It’s about the high performance data capture (and a little about the auto manufacturing capabilities) — McLaren meets Apple??
At Notion we have been keeping an eye on the automotive industry for a while now as we believe it’s a market that, as it transitions from selling cars to offering mobility as a service, will cause broader tectonic shifts into our overall way of life, and not just in terms of transportation. We started our venture in this massive transition by joining FIVE.AI’s journey earlier this year.
So when the rumors started a couple of weeks ago that Apple might have taken an interest in McLaren we decided to take a look at why McLaren might make an interesting acquisition target, and what this means for tech companies trying to partner with more traditional auto manufacturers. And to be clear, we’re still not sure if we are looking at an acquisition, strategic investment, a partnership, or just unfounded gossip.
The British automotive company was founded in 1965 by Bruce McLaren as a motor racing team. It has since then grown into a conglomerate with $475M in revenues and has diversified into other precision manufacturing areas. The group is now broken down into:
McLaren Applied Technologies
Absolute Taste (A thriving luxury catering business…)
McLaren Technology Centre
While a few of these might represent an interesting acquisition target, the one to focus on is McLaren Applied Technologies (previous McLaren Electronic Systems); in my view the crown jewel. The Applied Technology team which creates control and data systems has applied its research across healthcare and energy amongst other sectors but their true expertise lies of course in automotive and especially in the highest levels of motorsport. Their high-rate real time telemetry systems were first used for sports cars at Le Mans in 1991 and in F1 in 1993. They now provide the powertrain control and principal data logging tools for all competitors in those championships which are capable of dealing with large volumes of time-series data generated from various sensors in real time (including F1, Nascar, IndyCar etc). Some of their flagship products, like vTAG and ATLAS, focus on the viewing, analysis, recording and management of data primarily in the field of body dynamics (body roll, damper height, body flex etc). The team also developed an extensive and impressive collection of sensors. All of this allows teams to analyze data in real time, run simulations, and optimize their vehicles accordingly.
It is easy to understand why Apple might be interested in a team that has developed such high quality hardware and software technologies that have successfully been embedded into racing cars, performing while being subjected to the most extreme conditions. Especially the modeling and simulation expertise on the team would be a highly sought after talent pool. This would allow anyone managing an autonomous vehicle fleet, the ability to track, analyze, and control virtually all aspects of vehicles in motion, in real time. This is a set of capabilities which Apple (rumoured to be building its own vehicle), and most pure tech players have yet to develop, and acquiring/partnering with someone like McLaren could help them significantly speed up their product roadmap.
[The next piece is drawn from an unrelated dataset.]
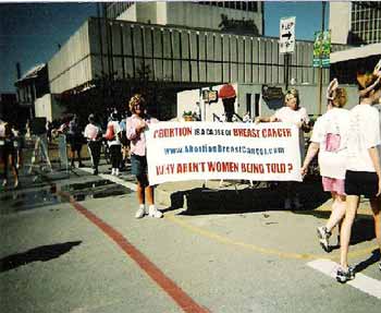 As the crowd of over 60,000 breast cancer victims, survivors, and supporters marched down the streets, we advantageously placed ourselves in the moving crowd handing out the information. You couldn't help but notice the desperation on their faces and feel compassion for these sisters who were valiantly fighting this giant called breast cancer. The sad part was realizing that approximately 41,875 women died in the year 2004 of breast cancer, and vital information that surfaced in the early 1980's was deliberately being withheld from women by the American Cancer Institute. Breast Cancer was unheard of in the 1930's. What has been introduced to society that now has breast cancer at epidemic proportions? Elective abortion, and the numbers are soaring and victims are becoming younger and younger and a lot with no history of breast cancer in their families. What hypocrisy it was to see the Planned Parenthood people with their flaming pink shirts claming to be all about women, the very same people who are giving women consequential bad “choices” that cause breast cancer..ABORTION on demand and the N.O.W group marching hand in hand. They tore our fliers up, and they yelled for other women to do the same, which fell on deaf ears. Women were gladly taking the flyers and information till we ran out. We passed out over 1350 flyers and over 100 brochures and spoke with some of the participants who were interested in our mission to let women know the truth of this link. “We're here to help women make good choices and to give them more than one,” said Angela. “Women are responsible for their health care, shouldn't they be made aware of the risks and the most preventable cause of breast cancer? Why aren't women being told the truth?”

The traditional vehicle OEMs would have developed in-house expertise for some of these capabilities over the years, but for someone building a vehicle themselves, Apple will need to have this in house as well to complete another piece of its full-stack puzzle.
While working at Living PlanIT I had the pleasure of engaging extensively with the Mclaren Applied Technologies team as one of our partners and seen their impressive operations and quality of their work. (I also had the pleasure to also visit their amazing technology centre in Woking on several occasions — a must visit for F1 fans). So no wonder they’re a target for any serious player in the autonomous vehicle space.
As this point, it’s hard to tell if these rumors are substantiated, nothing but gossips, or serious acquisition talks that fall through without ever going public. What is clear is that pure tech players will struggle to build a car on their own. We’ve seen Google and Apple push back their release dates and cycle through a few project leaders. Up until now, analysts have focused on traditional OEM’s lead in terms of manufacturing and infrastructure as opposed to tech player’s owning the state of the art in terms of machine learning. Players have tried to compensate with investments (Tesla Giga-Factory) and acquisitions (GM-Cruise), but one area that has been ignored is high performance data capture. Regular winners at LeMan and F1 have used, and enriched, systems like those produced by McLaren Applied Technology. Just a GM’s acquisition of Cruise triggered an applied ML for automotive acquisition race, an Apple-McLaren announcement could do the same for high performance data capture systems.